| TASK DETAILS |
The output must match the entries below exactly, with pictures removed.

| EXTRACTED ENTRIES |
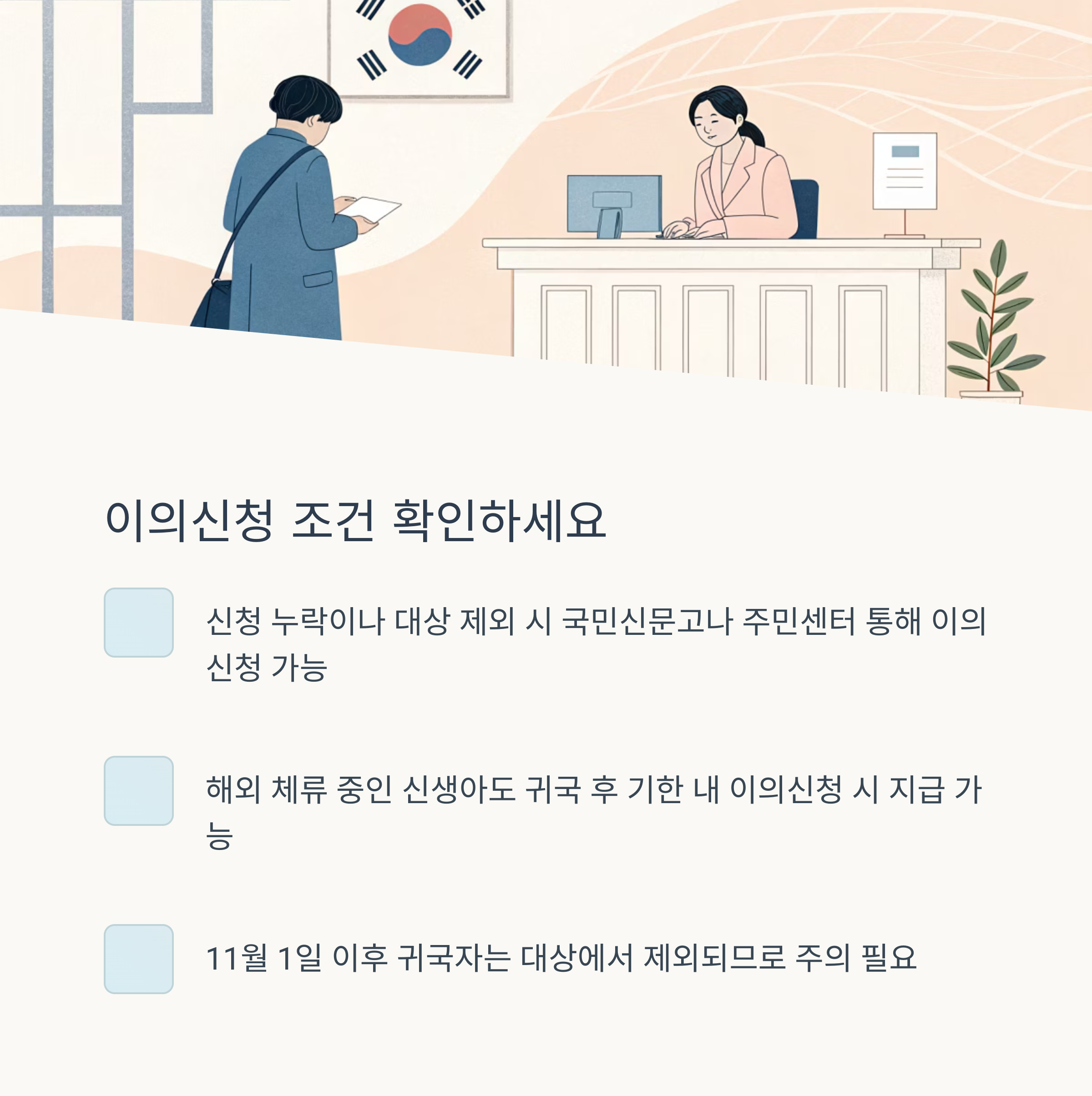 해외 체류 중인 신생아도 귀국 후 기한 내 이의신청 시 지급 가능하며,
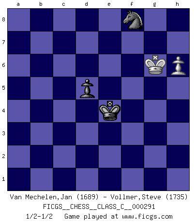 Last move : 1/2-1/2 2021 July 26 13:15:48 [Event "FICGS__CHESS__CLASS_C__000291"] [Site "FICGS"] [Date "2021.04.26"] [Round "1"] [White "Van Mechelen,Jan"] [Black "Vollmer,Steve"] [Result "1/2-1/2"] [WhiteElo "1689"] [BlackElo "1735"] 1.e4 e5 2.Nf3 Nc6 3.Bc4 Bc5 4.c3 Nf6 5.d3 O-O 6.Bg5 d6 7.Nbd2 a5 8.h3 Qe7 9.Nf1 Be6 10.Ng3 Bxc4 11.dxc4 Qe6 12.Bxf6 Qxf6 13.O-O g6 14.Qe2 Qg7 15.Rfd1 f5 16.Nf1 h6 17.Ne3 Bxe3 18.Qxe3 f4 19.Qd3 g5 20.c5 Rfd8 21.cxd6 Rxd6 22.Qc4+ Qf7 23.Qxf7+ Kxf7 24.Rxd6 cxd6 25.Rd1 Ke6 26.Rd5 Kd7 27.a4 Ra6 28.Rb5 Kc7 29.Nh2 Na7 30.Rb3 Rb6 31.Rxb6 Kxb6 32.Ng4 h5 33.Nf6 Kc5 34.b3 b5 35.axb5 Nxb5 36.b4+ axb4 37.cxb4+ Kxb4 38.Nxh5 Kc4 39.g3 Kd3 40.Nf6 Nc3 41.h4 gxh4 42.gxh4 Nxe4 43.Ng4 Ke2 44.h5 Ng5 45.h6 Nh7 46.Kg2 e4 47.Kh3 e3 48.fxe3 fxe3 49.Kh4 Kf3 50.Nxe3 Kxe3 51.Kh5 Nf8 52.Kg5 Ke4 53.Kf6 d5 54.Kf7 Nh7 55.Kg6 Nf8+ 1/2-1/2 Giuoco Piano Kingside Castling by player Black (move 5) Kingside Castling by player White (move 13) 10 pieces endgame at move 42 : White KNPPP , Black KNPPP WHITE : King + 1 Knight 3 Pawns BLACK : King + 1 Knight 3 Pawns 9 pieces endgame at move 42 : White KNPP , Black KNPPP WHITE : King + 1 Knight 2 Pawns BLACK : King + 1 Knight 3 Pawns 8 pieces endgame at move 48 : White KNPP , Black KNPP WHITE : King + 1 Knight 2 Pawns BLACK : King + 1 Knight 2 Pawns 7 pieces endgame at move 48 : White KNP , Black KNPP WHITE : King + 1 Knight 1 Pawn BLACK : King + 1 Knight 2 Pawns 6 pieces endgame at move 50 : White KNP , Black KNP WHITE : King + 1 Knight 1 Pawn BLACK : King + 1 Knight 1 Pawn 5 pieces endgame at move 50 : White KP , Black KNP WHITE : King + 1 Pawn BLACK : King + 1 Knight 1 Pawn This chess game ended in a draw. Follow this game move after move (download)The sign of a great Master is his ability to win a won game quickly and painlessly. (Irving Chernev) Ein Schachgenie ist jemand der verdammt gut Schach spielt. (Jonathan Levitt) ¿Se han dado cuenta de que Fischer casi nunca ha tenido piezas malas? El las intercambia y las piezas malas se quedan con sus oponenets. (Yuri Balashov) Le pion, dans sa simplicité, marche droit devant lui, mais lorsqu'il prend, il le fait obliquement? Ainsi l'homme, tant qu'il reste pauvre, marche dans la droiture et vit honnêtement, mais lorsqu'il recherche les honneurs, il flatte, se parjure et, par les voies obliques, cherche une position supérieure sur l'échiquier du monde. (Jean de Galles) I'm extremely disappointed. I send you out for exciting, new designer drugs, you come back with tomato sauce. (Gregory House, House M.D.)
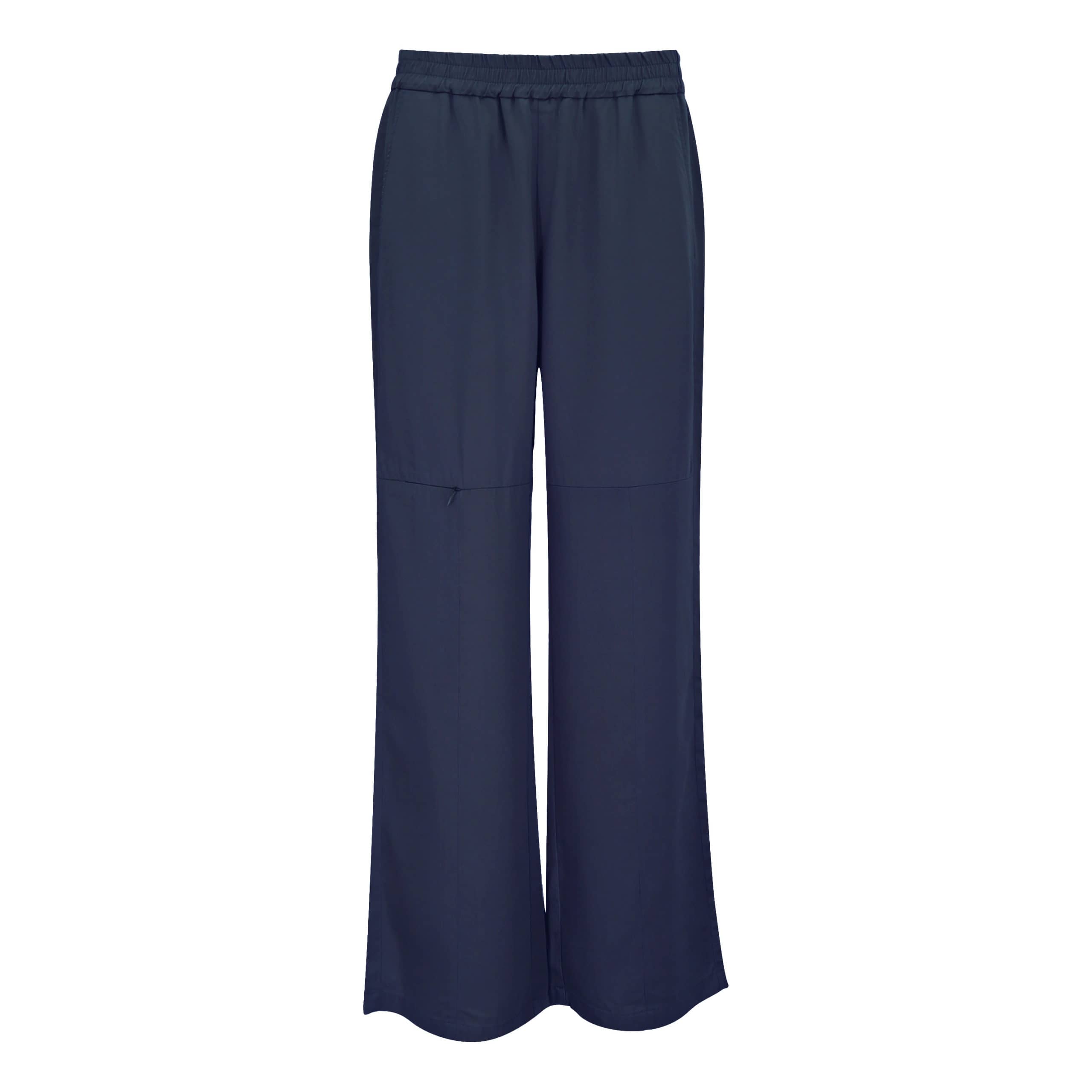 Wijde pantalon van MAC, model Esther. Deze relaxte pantalon is gemaakt van lyocell en heeft een effen donkerblauwe kleur. De losvallende broek heeft een hoge elastische taille, wijde broekspijpen, twee steekzakken, twee achterzakken en een klein ritsje op het bovenbeen met daarachter een zak.
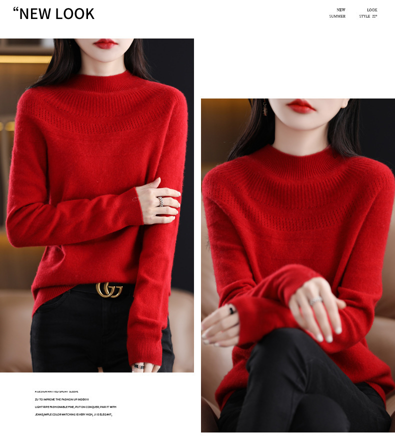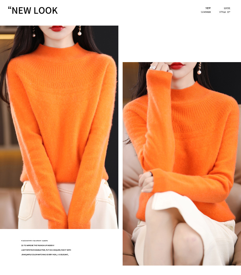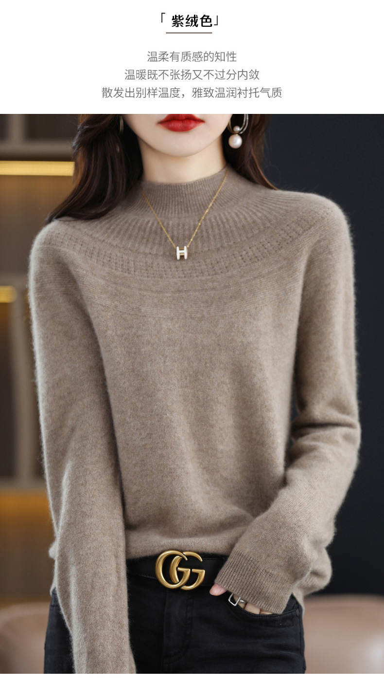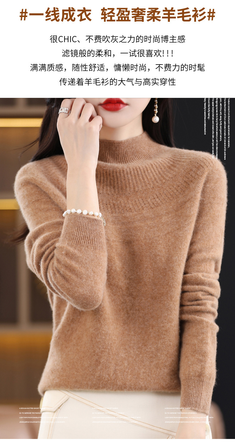 QH-NJR1106秋冬新款羊毛衫女一线成衣半高领宽松显瘦针织打底衫上衣内搭洋气
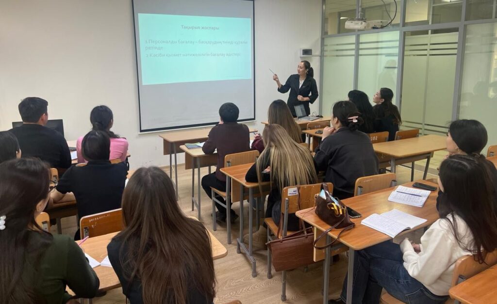 Старший преподаватель кафедры менеджмента Тулегенова Кунсая Тасболатовна провела открытое занятие для студентов 4 курса группы МЖБ по дисциплине «Көшбасшылық және жеке тиімділік» на тему «Методики оценки эффективности профессиональной деятельности». В ходе занятия были рассмотрены современные методы оценки эффективности профессиональной деятельности. Студенты ознакомились с ключевыми показателями, инструментами самооценки и способами анализа результативности личной и командной работы. …
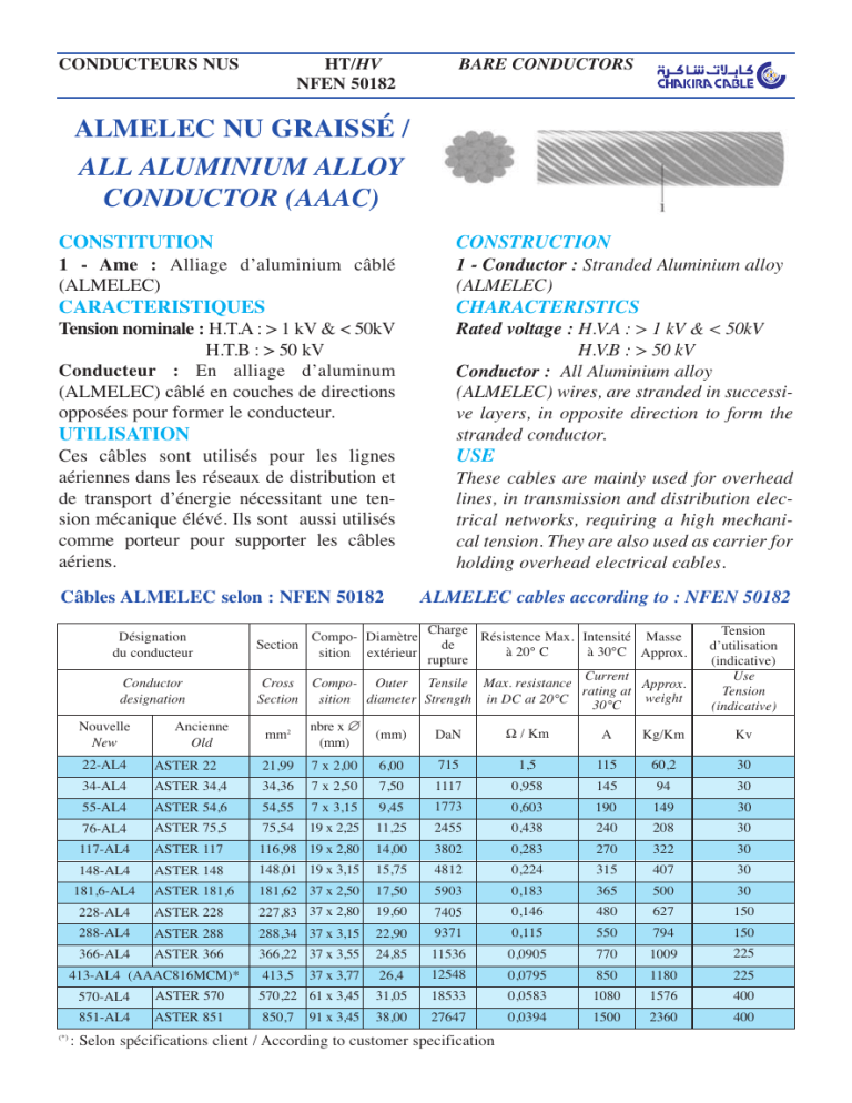 Câbles ALMELEC selon : NFEN 50182 ALMELEC cables according to : NFEN 50182
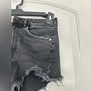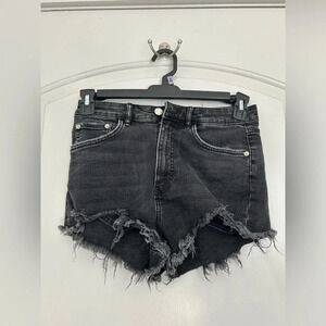 Zara High Waisted Black Denim Frayed Hem Shorts size 4

| RESPONSE BELOW |
 해외 체류 중인 신생아도 귀국 후 기한 내 이의신청 시 지급 가능하며,
 Last move : 1/2-1/2 2021 July 26 13:15:48 [Event "FICGS__CHESS__CLASS_C__000291"] [Site "FICGS"] [Date "2021.04.26"] [Round "1"] [White "Van Mechelen,Jan"] [Black "Vollmer,Steve"] [Result "1/2-1/2"] [WhiteElo "1689"] [BlackElo "1735"] 1.e4 e5 2.Nf3 Nc6 3.Bc4 Bc5 4.c3 Nf6 5.d3 O-O 6.Bg5 d6 7.Nbd2 a5 8.h3 Qe7 9.Nf1 Be6 10.Ng3 Bxc4 11.dxc4 Qe6 12.Bxf6 Qxf6 13.O-O g6 14.Qe2 Qg7 15.Rfd1 f5 16.Nf1 h6 17.Ne3 Bxe3 18.Qxe3 f4 19.Qd3 g5 20.c5 Rfd8 21.cxd6 Rxd6 22.Qc4+ Qf7 23.Qxf7+ Kxf7 24.Rxd6 cxd6 25.Rd1 Ke6 26.Rd5 Kd7 27.a4 Ra6 28.Rb5 Kc7 29.Nh2 Na7 30.Rb3 Rb6 31.Rxb6 Kxb6 32.Ng4 h5 33.Nf6 Kc5 34.b3 b5 35.axb5 Nxb5 36.b4+ axb4 37.cxb4+ Kxb4 38.Nxh5 Kc4 39.g3 Kd3 40.Nf6 Nc3 41.h4 gxh4 42.gxh4 Nxe4 43.Ng4 Ke2 44.h5 Ng5 45.h6 Nh7 46.Kg2 e4 47.Kh3 e3 48.fxe3 fxe3 49.Kh4 Kf3 50.Nxe3 Kxe3 51.Kh5 Nf8 52.Kg5 Ke4 53.Kf6 d5 54.Kf7 Nh7 55.Kg6 Nf8+ 1/2-1/2 Giuoco Piano Kingside Castling by player Black (move 5) Kingside Castling by player White (move 13) 10 pieces endgame at move 42 : White KNPPP , Black KNPPP WHITE : King + 1 Knight 3 Pawns BLACK : King + 1 Knight 3 Pawns 9 pieces endgame at move 42 : White KNPP , Black KNPPP WHITE : King + 1 Knight 2 Pawns BLACK : King + 1 Knight 3 Pawns 8 pieces endgame at move 48 : White KNPP , Black KNPP WHITE : King + 1 Knight 2 Pawns BLACK : King + 1 Knight 2 Pawns 7 pieces endgame at move 48 : White KNP , Black KNPP WHITE : King + 1 Knight 1 Pawn BLACK : King + 1 Knight 2 Pawns 6 pieces endgame at move 50 : White KNP , Black KNP WHITE : King + 1 Knight 1 Pawn BLACK : King + 1 Knight 1 Pawn 5 pieces endgame at move 50 : White KP , Black KNP WHITE : King + 1 Pawn BLACK : King + 1 Knight 1 Pawn This chess game ended in a draw. Follow this game move after move (download)The sign of a great Master is his ability to win a won game quickly and painlessly. (Irving Chernev) Ein Schachgenie ist jemand der verdammt gut Schach spielt. (Jonathan Levitt) ¿Se han dado cuenta de que Fischer casi nunca ha tenido piezas malas? El las intercambia y las piezas malas se quedan con sus oponenets. (Yuri Balashov) Le pion, dans sa simplicité, marche droit devant lui, mais lorsqu'il prend, il le fait obliquement? Ainsi l'homme, tant qu'il reste pauvre, marche dans la droiture et vit honnêtement, mais lorsqu'il recherche les honneurs, il flatte, se parjure et, par les voies obliques, cherche une position supérieure sur l'échiquier du monde. (Jean de Galles) I'm extremely disappointed. I send you out for exciting, new designer drugs, you come back with tomato sauce. (Gregory House, House M.D.)
 Wijde pantalon van MAC, model Esther. Deze relaxte pantalon is gemaakt van lyocell en heeft een effen donkerblauwe kleur. De losvallende broek heeft een hoge elastische taille, wijde broekspijpen, twee steekzakken, twee achterzakken en een klein ritsje op het bovenbeen met daarachter een zak.
 QH-NJR1106秋冬新款羊毛衫女一线成衣半高领宽松显瘦针织打底衫上衣内搭洋气
 Старший преподаватель кафедры менеджмента Тулегенова Кунсая Тасболатовна провела открытое занятие для студентов 4 курса группы МЖБ по дисциплине «Көшбасшылық және жеке тиімділік» на тему «Методики оценки эффективности профессиональной деятельности». В ходе занятия были рассмотрены современные методы оценки эффективности профессиональной деятельности. Студенты ознакомились с ключевыми показателями, инструментами самооценки и способами анализа результативности личной и командной работы. …
 Câbles ALMELEC selon : NFEN 50182 ALMELEC cables according to : NFEN 50182
 Zara High Waisted Black Denim Frayed Hem Shorts size 4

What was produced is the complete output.